Así que, por un lado, no hay disposición para legalizar el comercio de drogas; por el otro, tampoco la hay, como ya lo han dicho voces militares y civiles del gobierno estadunidense, para controlar la producción y la venta de armas (en cuanto al tráfico de éstas hacia México, se hará lo que se pueda).

Imposible establecer ese control a partir de actos legislativos en un Congreso donde al menos una cuarta parte de sus integrantes tiene vínculos con la industria bélica. Es una oportunidad de negocio. De acuerdo con los cálculos que hace Sergio Aguayo Quezada (México. Todas las cifras, 2008), el narcotráfico significa 20 mil millones de dólares y la compraventa de armas 9 mil millones de dólares al año.

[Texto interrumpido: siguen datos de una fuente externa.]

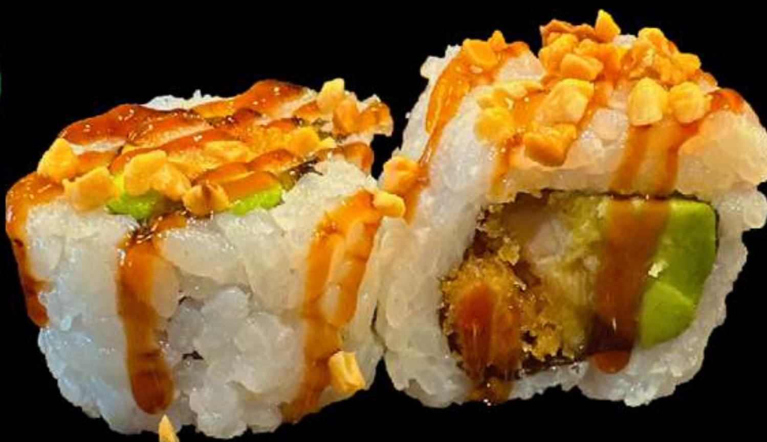
93. URAMAKI DE POLLASTRE. (4u)

Pollastre arrebossat, avocat i ametlles Pollo rebozado, aguacate y almendras
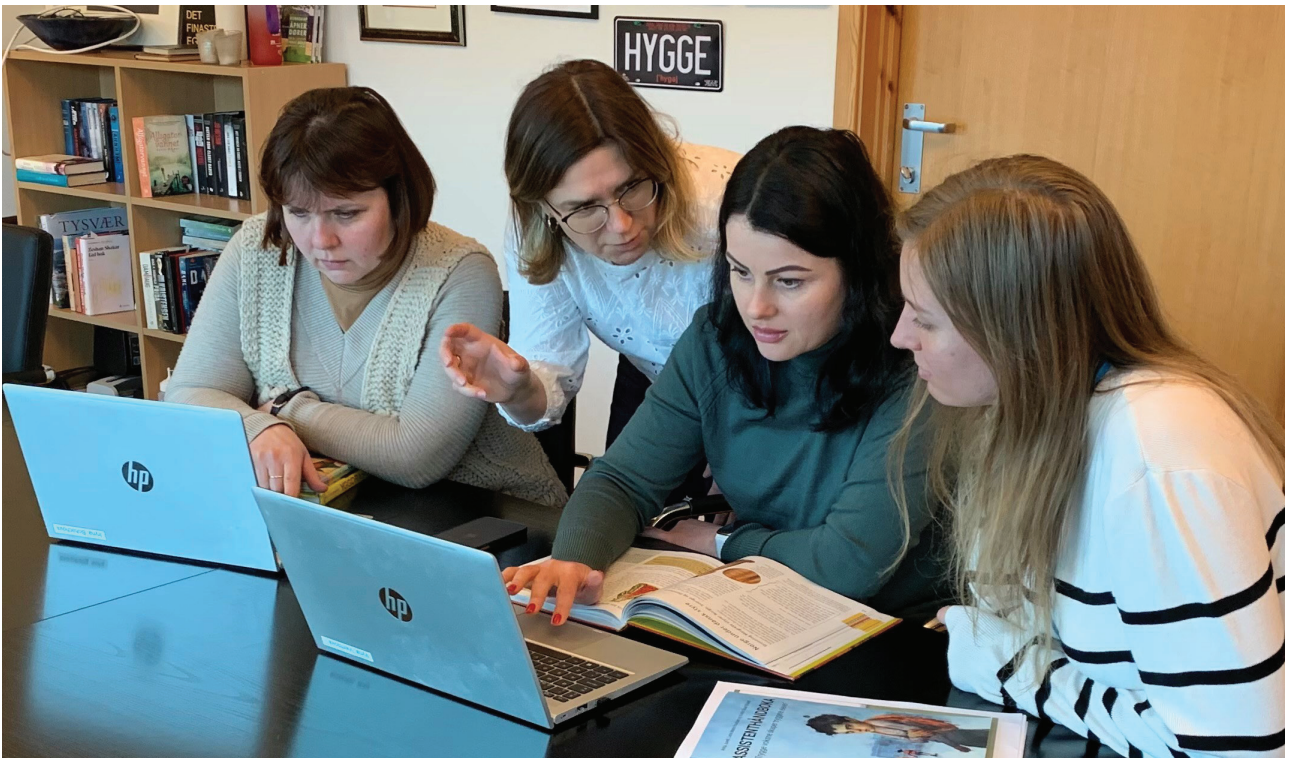
Veiledning i gruppe
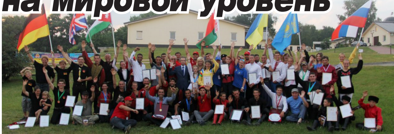
Участники Чемпионата мира по джигитовке. 2016 год
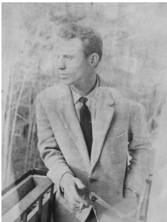
Рис. 6. Б. В. Болдырев Fig. 6. B. V. Boldyrev

Болдырев , выпускник эвенкийской группы из первого набора гуманитарного факультета НГУ. За несколько десятилетий непрерывной работы в Институте он сумел не только оставить колоссальный объем новых научных данных как по эвенкийскому языку, так и по тунгусо-маньчжуроведению в целом (в общей сложности его библиография насчитывает более ста публикаций), но также расширить и развить группу специалистов, которую возглавил в 1990-е гг., сохраняя высокий уровень научного анализа, заданный его учителем.
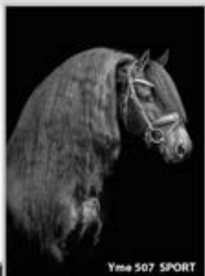
Yme 507 SPORT

Ulbrán (Reinder x Jakob) 1.69m. "Overtuigd met fenomenale nakomelingen"
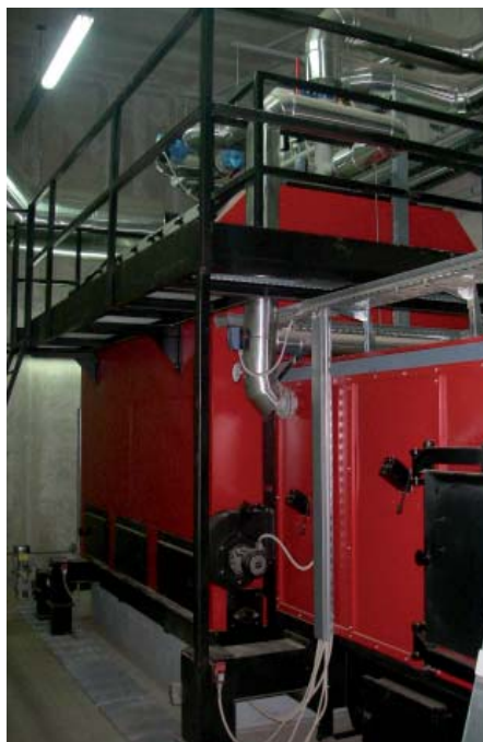
Kotel na lesne sekance

Z dovajanjem primarnega zraka pod rešetke se pospešuje zgorevanje lesne mase. Deloma nepopolno zgoreli lesni plin, se vodi skozi plamenico kjer se krožno dodaja sekundarni zrak. Z dovajanjem primarnega in sekundarnega zraka se doseže vrtničenje plamena in popolno zgorevanje. Rešetka vzdržuje zadostno žerjavico, kar omogoča, da je naprava tudi do nekaj ur v stanju mirovanja. Kurišče z oznako TR-B N omogoča uporabo goriva z visoko vsebnostjo vode. Konstrukcija kurišča je izdelana iz cevi v kletkasti izvedbi in obložena s šamotom in izolacijo.
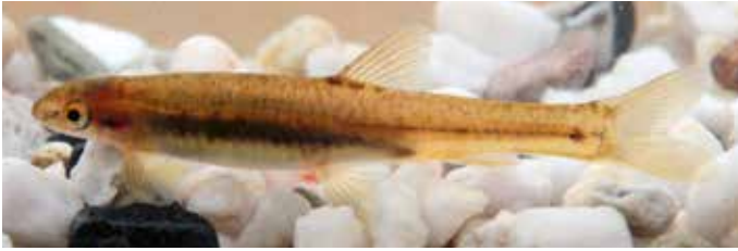
Abb. 5. Ohrenfisch ( Kneria sp. nov.) aus dem Elandspruit; ca. 4,5 cm TL.
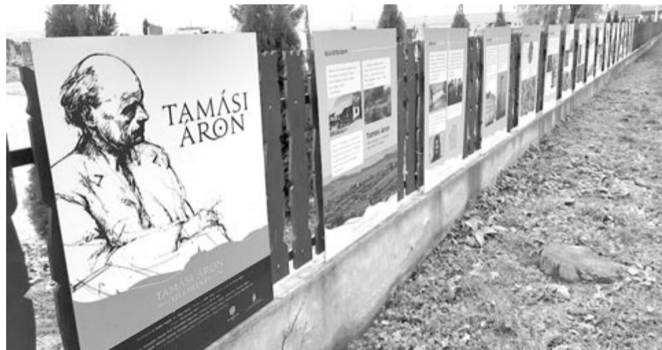
Szabadtéri dokumentum- és fotókiállítás Farkaslakán

De aztán semmi – kutyák bagzanak a telkek közötti gaz vackaiban, odébb éppen hozzák a tejet az állami szektor privatizáltjai, egy kapu előtt az áll a gyűrött cégtáblán, hogy Regina beer srl –, szinte kiér a szűk, agyagos völgyből, meg sem fordul, s már azt láthatja az a pár nyugdíjas, aki ott meresztgeti a szeme üvegét, hogy háttal eregél, még benéz ide meg amoda, s ojjé, most veszi figyelembe: a kirakatok telve választási plakátokkal, egy kemény bajuszú férfit hirdetnek, aki azt igéri, hogy amint eddigé, csak úgy ezután is... Számos kirakatban lát efféle Denndörfer vagy Belleschdörfer, miközben régi korokat idéző munkamániás öregek és gumicsizmás alkalmazottak érthetetlen dolgokat sutyurálnak a seprűnyél mellett, éppen-pihenőben: „Fészénés volt s most pénélés lett!...” D. vagy B. csak bambul; az ő dimenziójában jelentés nélküli e halmaz. Tapasztal lekapart plakátokat is, egyikén mégis valahogy ott maradt: „Jos cu mafia din fabrici” – ez is rejtély, és az is, ami egykori kedvenc sörháza belső te-
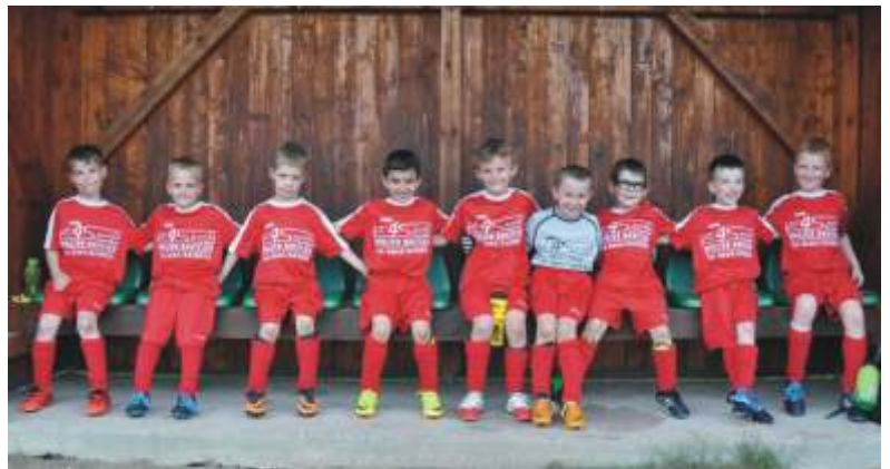
Unsere jüngsten SVB Player = die U7
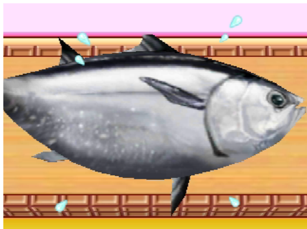
▲「おすし」では迫力のマグロをカイタイします。

さらには、お子様の探究心をくすぐり、食育にも触れられるシリーズの最新作「クッキングママ4」
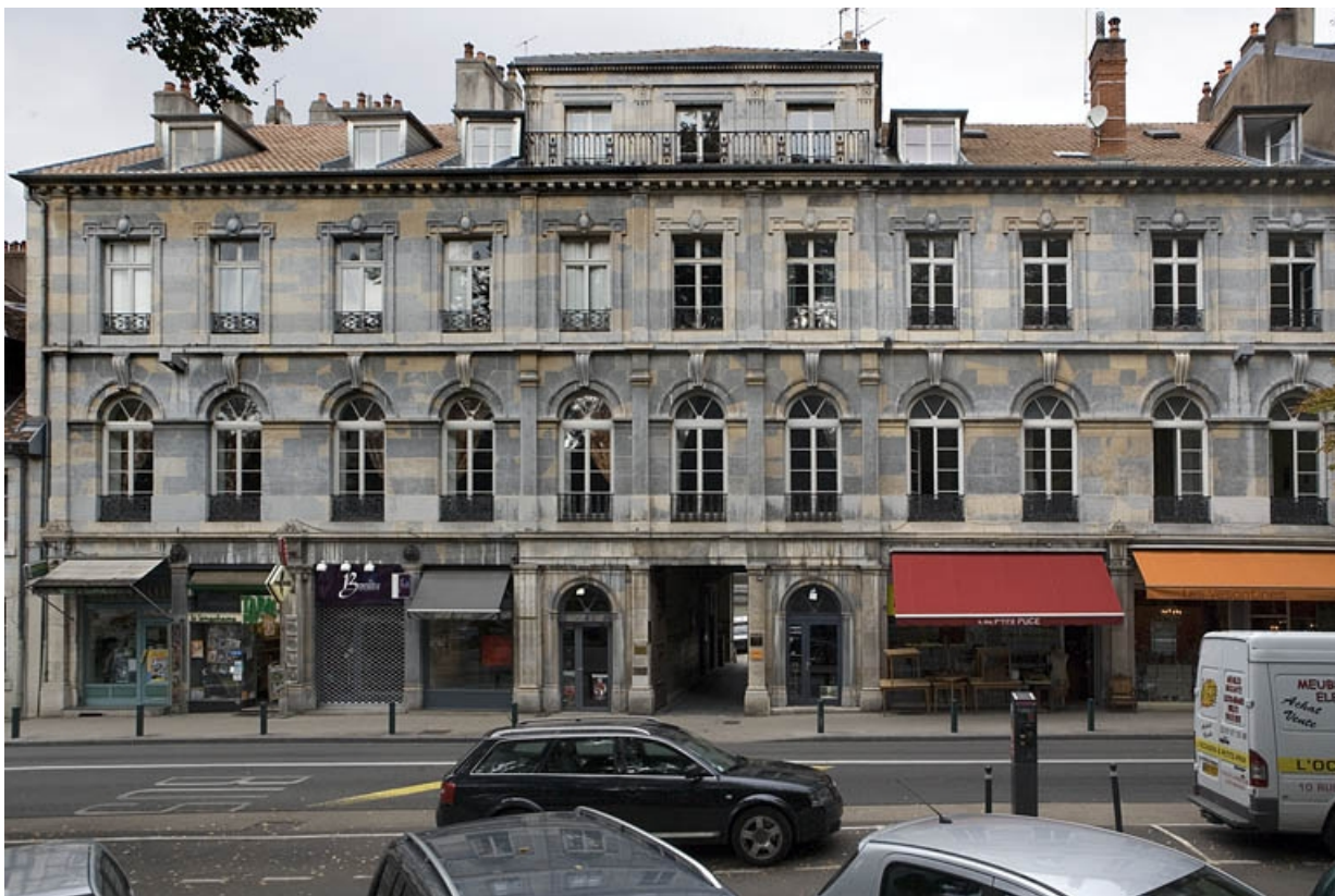
Vue d'ensemble de la façade sur rue, de face.

25, Besançon, 10 rue de la Préfecture, lieudit : îlot Terrier de Santans

De lo que se trata, entonces, para responder a mi propia pregunta, es de que Estados Unidos incremente la producción bélica haciendo la guerra, disparando en consecuencia el consumo de drogas y simulando combatir a quienes compran armas, así sean los malos de la narcohistoria, y adquiriendo, a su vez, más armas y equipo para crear planes Colombia e iniciativas Mérida, y sujetar como resultado de todo ello a los países destinatarios de su política de seguridad nacional.

No hay nadie, pues, que se interese, realmente, ni por abatir el consumo de enervantes ni por legalizar la producción y el uso de aquellos que menos efectos adictivos pueden causar (como el cannabis). Narcos, políticos, militares y productores de armamento prefieren mantener el tráfico de drogas –in toto– en la clandestinidad: con ello se logra elevar su precio y el de las armas. Olvidemos cualquier control sanitario y fiscal de, por lo menos, ciertas drogas.

Conclusión: adiós a la esperanza; paso al espejismo y la morgue.